↓↓↓

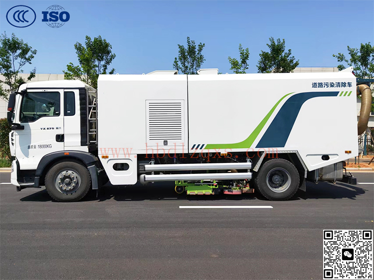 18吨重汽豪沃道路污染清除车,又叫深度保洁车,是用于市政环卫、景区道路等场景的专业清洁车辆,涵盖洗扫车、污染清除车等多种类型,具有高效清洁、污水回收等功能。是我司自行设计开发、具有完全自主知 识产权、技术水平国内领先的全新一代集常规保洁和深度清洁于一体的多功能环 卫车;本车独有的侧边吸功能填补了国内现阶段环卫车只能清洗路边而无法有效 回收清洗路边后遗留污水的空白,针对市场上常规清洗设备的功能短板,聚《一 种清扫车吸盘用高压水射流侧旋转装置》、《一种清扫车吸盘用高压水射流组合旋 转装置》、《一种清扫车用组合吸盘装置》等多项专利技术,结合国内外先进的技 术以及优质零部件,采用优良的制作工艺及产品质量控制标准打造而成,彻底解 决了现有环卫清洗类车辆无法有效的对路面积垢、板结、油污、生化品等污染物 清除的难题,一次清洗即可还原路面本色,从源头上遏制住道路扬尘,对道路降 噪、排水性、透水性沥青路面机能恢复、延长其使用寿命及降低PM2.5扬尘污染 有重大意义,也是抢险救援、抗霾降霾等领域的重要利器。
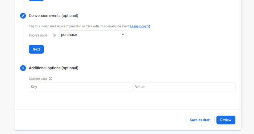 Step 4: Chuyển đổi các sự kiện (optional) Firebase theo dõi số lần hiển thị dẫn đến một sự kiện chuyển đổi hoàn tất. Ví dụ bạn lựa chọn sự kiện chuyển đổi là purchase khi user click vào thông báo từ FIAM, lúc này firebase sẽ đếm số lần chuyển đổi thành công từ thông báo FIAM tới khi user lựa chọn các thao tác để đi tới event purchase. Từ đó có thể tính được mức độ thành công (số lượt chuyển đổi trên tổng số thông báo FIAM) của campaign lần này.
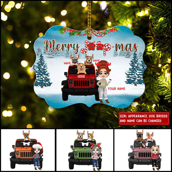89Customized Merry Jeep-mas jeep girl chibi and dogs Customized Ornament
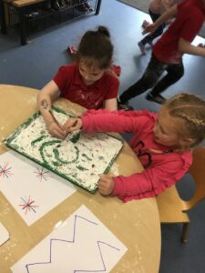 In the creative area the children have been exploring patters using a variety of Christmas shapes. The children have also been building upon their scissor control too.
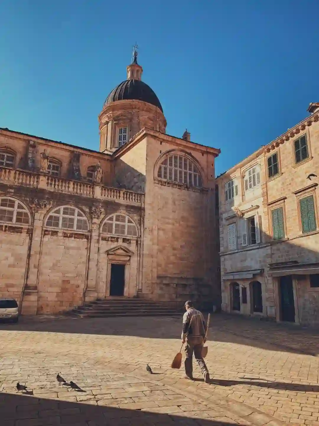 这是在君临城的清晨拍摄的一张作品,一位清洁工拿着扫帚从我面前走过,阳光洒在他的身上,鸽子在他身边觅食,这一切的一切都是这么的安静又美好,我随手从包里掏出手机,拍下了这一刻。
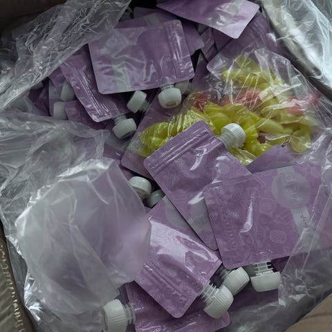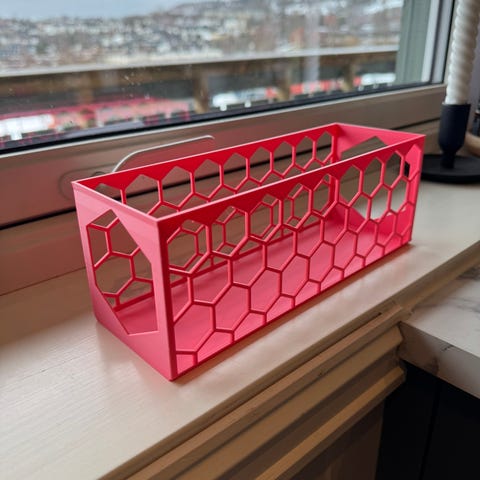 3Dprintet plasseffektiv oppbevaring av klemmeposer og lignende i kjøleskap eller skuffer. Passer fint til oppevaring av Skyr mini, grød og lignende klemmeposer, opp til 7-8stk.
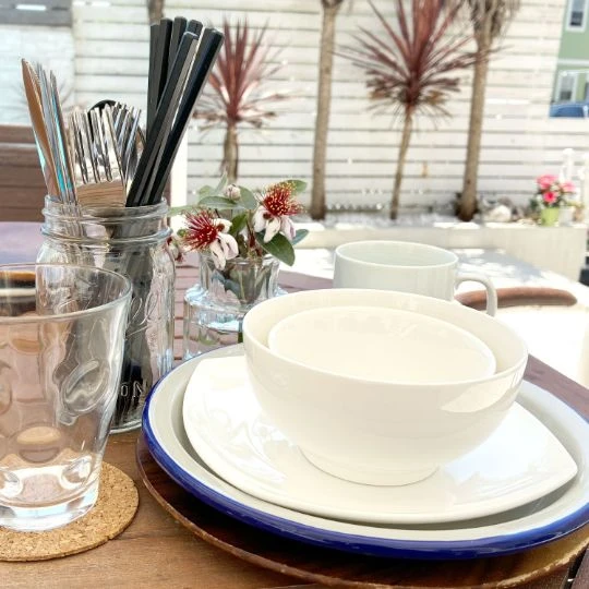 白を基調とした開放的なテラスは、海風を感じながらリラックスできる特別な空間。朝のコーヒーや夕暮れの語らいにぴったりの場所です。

↑↑↑

Every record, from top to bottom, gets written out exactly; no picture goes into the copy.

WRITTEN SOLUTION:
 18吨重汽豪沃道路污染清除车,又叫深度保洁车,是用于市政环卫、景区道路等场景的专业清洁车辆,涵盖洗扫车、污染清除车等多种类型,具有高效清洁、污水回收等功能。是我司自行设计开发、具有完全自主知 识产权、技术水平国内领先的全新一代集常规保洁和深度清洁于一体的多功能环 卫车;本车独有的侧边吸功能填补了国内现阶段环卫车只能清洗路边而无法有效 回收清洗路边后遗留污水的空白,针对市场上常规清洗设备的功能短板,聚《一 种清扫车吸盘用高压水射流侧旋转装置》、《一种清扫车吸盘用高压水射流组合旋 转装置》、《一种清扫车用组合吸盘装置》等多项专利技术,结合国内外先进的技 术以及优质零部件,采用优良的制作工艺及产品质量控制标准打造而成,彻底解 决了现有环卫清洗类车辆无法有效的对路面积垢、板结、油污、生化品等污染物 清除的难题,一次清洗即可还原路面本色,从源头上遏制住道路扬尘,对道路降 噪、排水性、透水性沥青路面机能恢复、延长其使用寿命及降低PM2.5扬尘污染 有重大意义,也是抢险救援、抗霾降霾等领域的重要利器。
 Step 4: Chuyển đổi các sự kiện (optional) Firebase theo dõi số lần hiển thị dẫn đến một sự kiện chuyển đổi hoàn tất. Ví dụ bạn lựa chọn sự kiện chuyển đổi là purchase khi user click vào thông báo từ FIAM, lúc này firebase sẽ đếm số lần chuyển đổi thành công từ thông báo FIAM tới khi user lựa chọn các thao tác để đi tới event purchase. Từ đó có thể tính được mức độ thành công (số lượt chuyển đổi trên tổng số thông báo FIAM) của campaign lần này.
89Customized Merry Jeep-mas jeep girl chibi and dogs Customized Ornament
 In the creative area the children have been exploring patters using a variety of Christmas shapes. The children have also been building upon their scissor control too.
 这是在君临城的清晨拍摄的一张作品,一位清洁工拿着扫帚从我面前走过,阳光洒在他的身上,鸽子在他身边觅食,这一切的一切都是这么的安静又美好,我随手从包里掏出手机,拍下了这一刻。
 3Dprintet plasseffektiv oppbevaring av klemmeposer og lignende i kjøleskap eller skuffer. Passer fint til oppevaring av Skyr mini, grød og lignende klemmeposer, opp til 7-8stk.
 白を基調とした開放的なテラスは、海風を感じながらリラックスできる特別な空間。朝のコーヒーや夕暮れの語らいにぴったりの場所です。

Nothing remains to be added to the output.